Folks, this just wasn’t fair. There have only been a couple of installments of Randall and Hopkirk (Deceased) that I didn’t enjoy very much. Otherwise, this has just been an incredibly entertaining and fun program. But right toward the end of its production run, they managed a hat trick of three absolute treasures right in a row. This was a show that had found the perfect balance of amusing action and comedy and was getting better all the time. If an American network had bought the program, they would have made some more. I hate to use that hoary old defense of fans who want to stick up for a cancelled-too-soon series, but a second season of Randall and Hopkirk could have been the greatest thing ever.
Tony Williamson’s “Murder Ain’t What it Used to Be!” finally brings another ghost into the actual plot of the story, rather than the handful that we’ve seen on the fringes. 35 years previously – say 1934 – a Chicago gangster named Bugsy, played by one of ITC’s stock American actors, David Healy, was double-crossed by his partner in a bootleg whiskey heist.
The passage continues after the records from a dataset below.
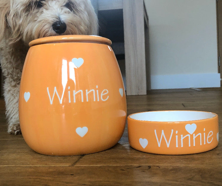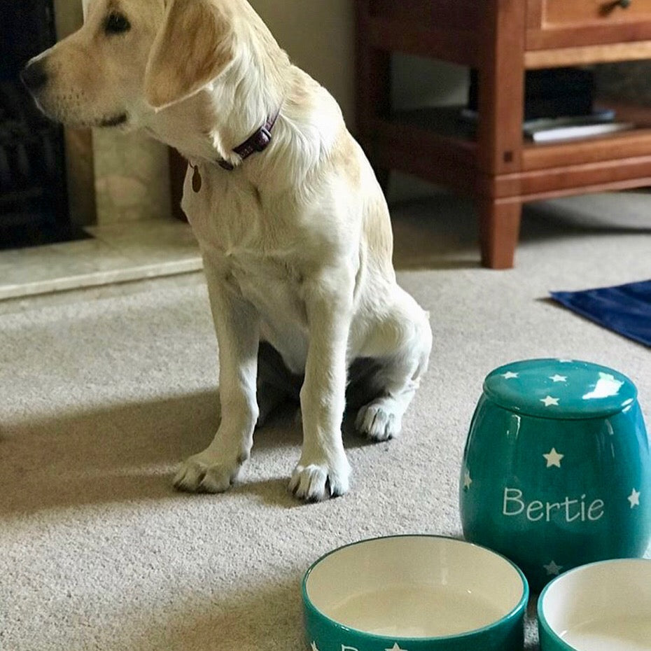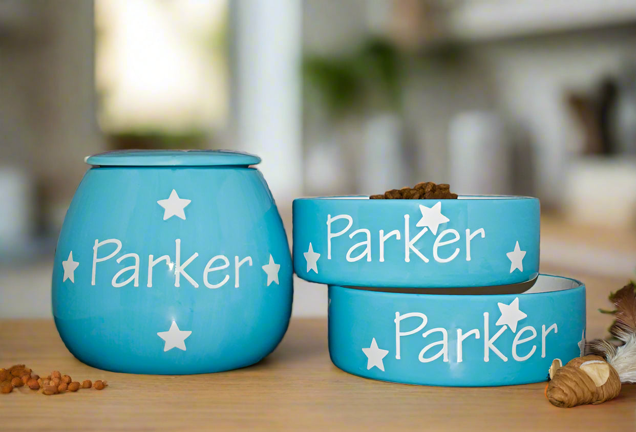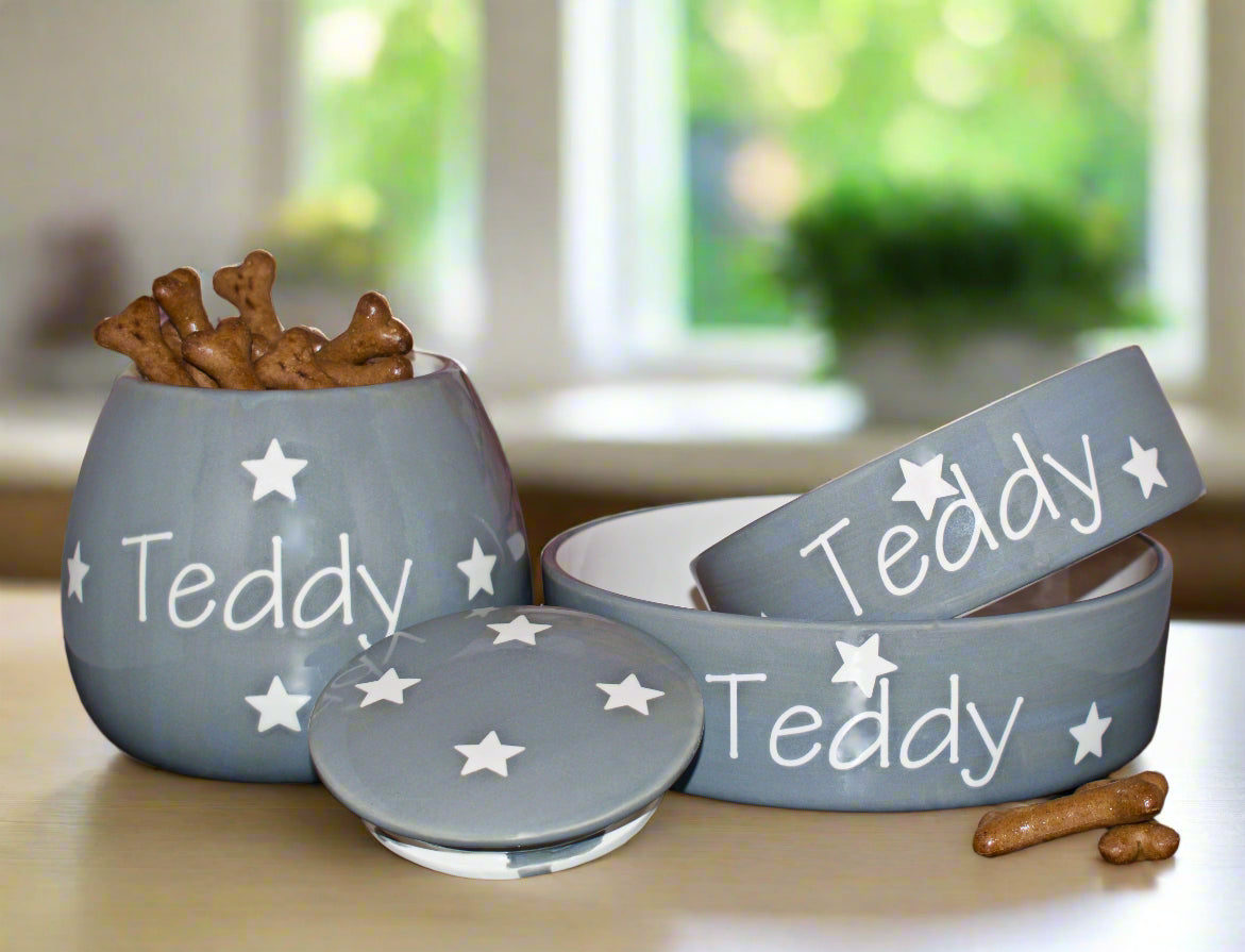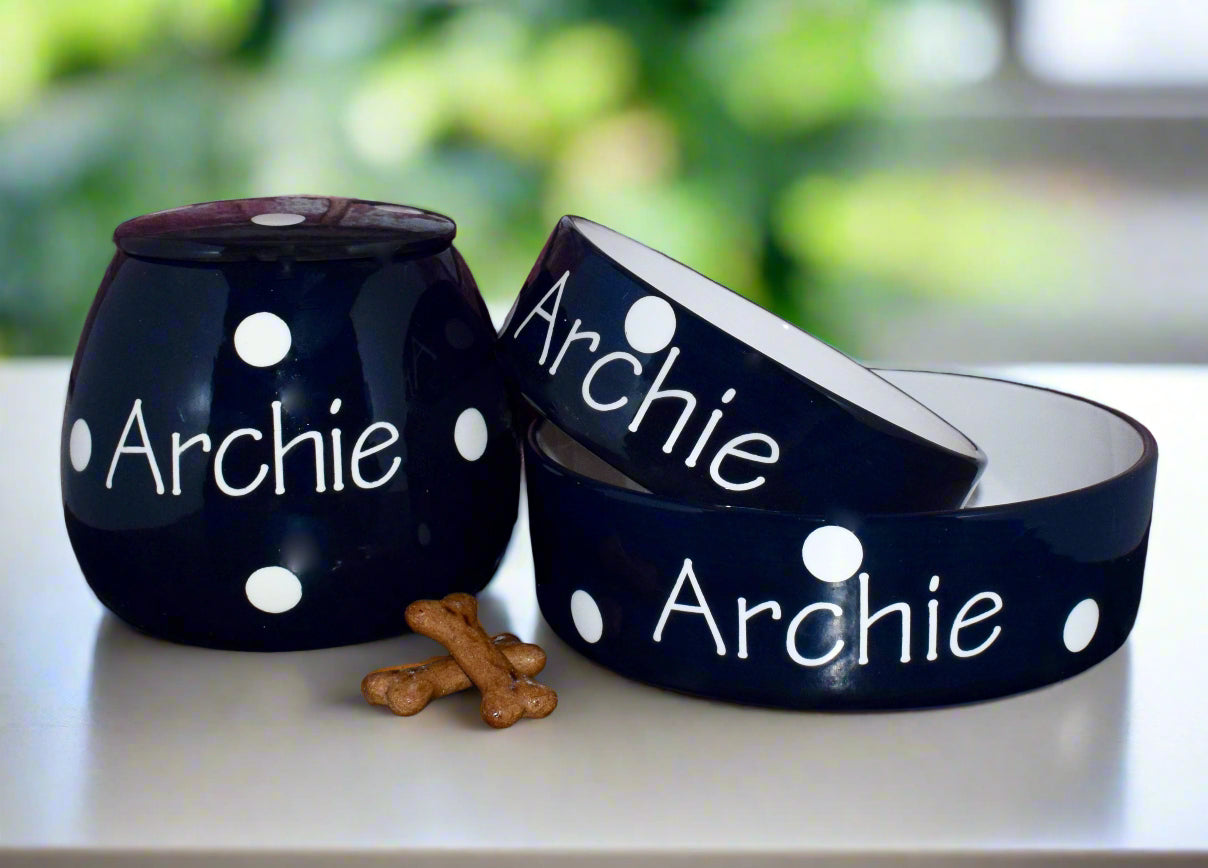 These hand-painted, personalised ceramic sets come as a set of two bowls and one treat jar. They are available in five different size combinations, ranging from two small bowls, one small jar to two large bowls, one large jar. Designed to suit pets of all sizes, the smaller sets are ideal for cats or small breed dogs, while the larger sets are perfect for medium to large dogs.
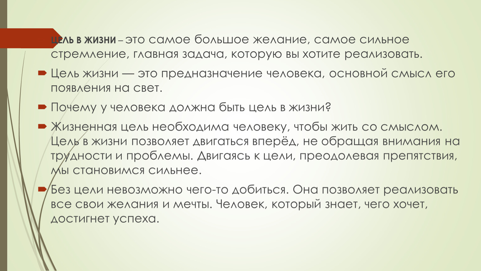 ЦЕЛЬ В ЖИЗНИ – это самое большое желание, самое сильное стремление, главная задача, которую вы хотите реализовать.
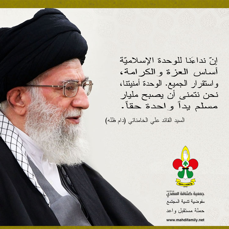 "إنّ نداءنا للوحدة الإسلاميّة أساس العزّة والكرامة، واستقرار الجميع. الوحدة أمنيتنا، نحن نتمنّى أن يصبح مليار مسلم يداً واحدة حقّاً".
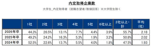 内定獲得企業数の平均は同0.16㌽増の2.18社、2社以上取得する大学生も同4.9㌽増の55.7%に増加。
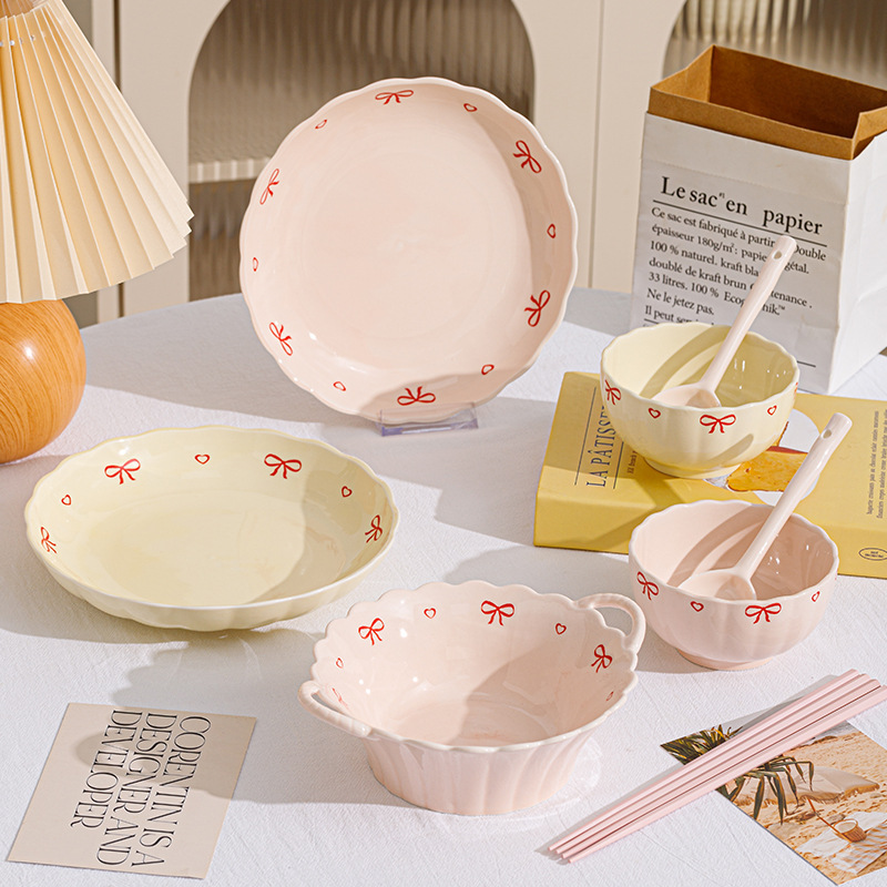 Mangkuk Lucu, Set Piring Keramik Tampak Tinggi, Mangkuk dan Sendok, Mangkuk Mie Instan Warna Glasir, Mangkuk Yogurt, Piring, Sendok, Peralatan Makan
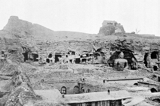 该图摄于上个世纪初,洞窟与民居混在一起。(图片选自网络)
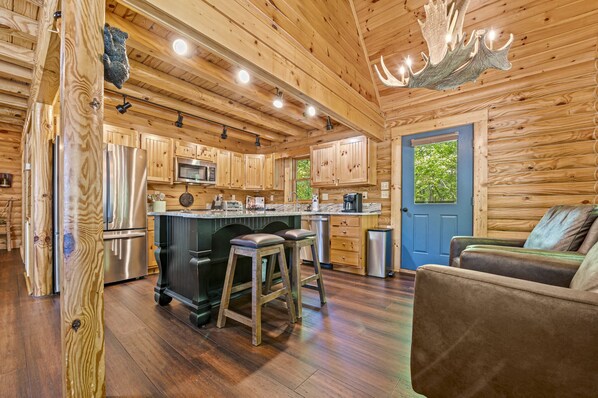 Moose on the Loose is a beautiful, custom built, true log cabin located in the Cobbly Nob neighborhood of Gatlinburg, TN. It has everything you need to enjoy your trip, including a fully equipped kitchen and resort amenities like 3 Community Pools, and Pickleball and Basketball Courts. It is semi-secluded, nestled into the trees with a view of the Great Smoky Mountains National Park right across the street and just minutes to downtown Gatlinburg.

The incident’s actually presented in a terrific black and white flashback as Bugsy pulls Marty back through time to witness it! Bugsy has been trying without success to kill his partner in accidents as his powers and control over the material world has grown far past Marty’s abilities. The partner can occasionally see Bugsy, just as Jeff can see Marty, so he’s always on alert for crashing chandeliers and swerving cars. But while the ghosts can interact, neither living man can see the other’s ghost.
So the partner is now in England to conduct some syndicate business, and Bugsy now has somebody to help him exact revenge. Bugsy tells Marty that Jeff must murder the partner or else Bugsy will arrange an accident for Jean. This leads to one of the series’ all-time greatest lines: “Well, I can’t do anything, can I? If I start telling Jeannie that her late husband is being blackmailed by the ghost of a Prohibition gangster, she’ll go spare!”
Our son was instantly charmed by the arrival of the new ghost character, and with the exception of one pretty poor bit of wire work with some visible-from-space strings that demanded his raspberries, he chuckled all the way through this one. Marty finally pushes back against the more powerful Bugsy in a bizarre fight at the end – a fight that leaves Jeff able to see just one player – that has vases flying across the room and comedy sound effects as the ghosts stomp on each other’s feet. “That was GREAT,” our son said while hopping up and down nursing his own pretend-stomped-upon foot. I didn’t join him in slapstick, but agreed completely.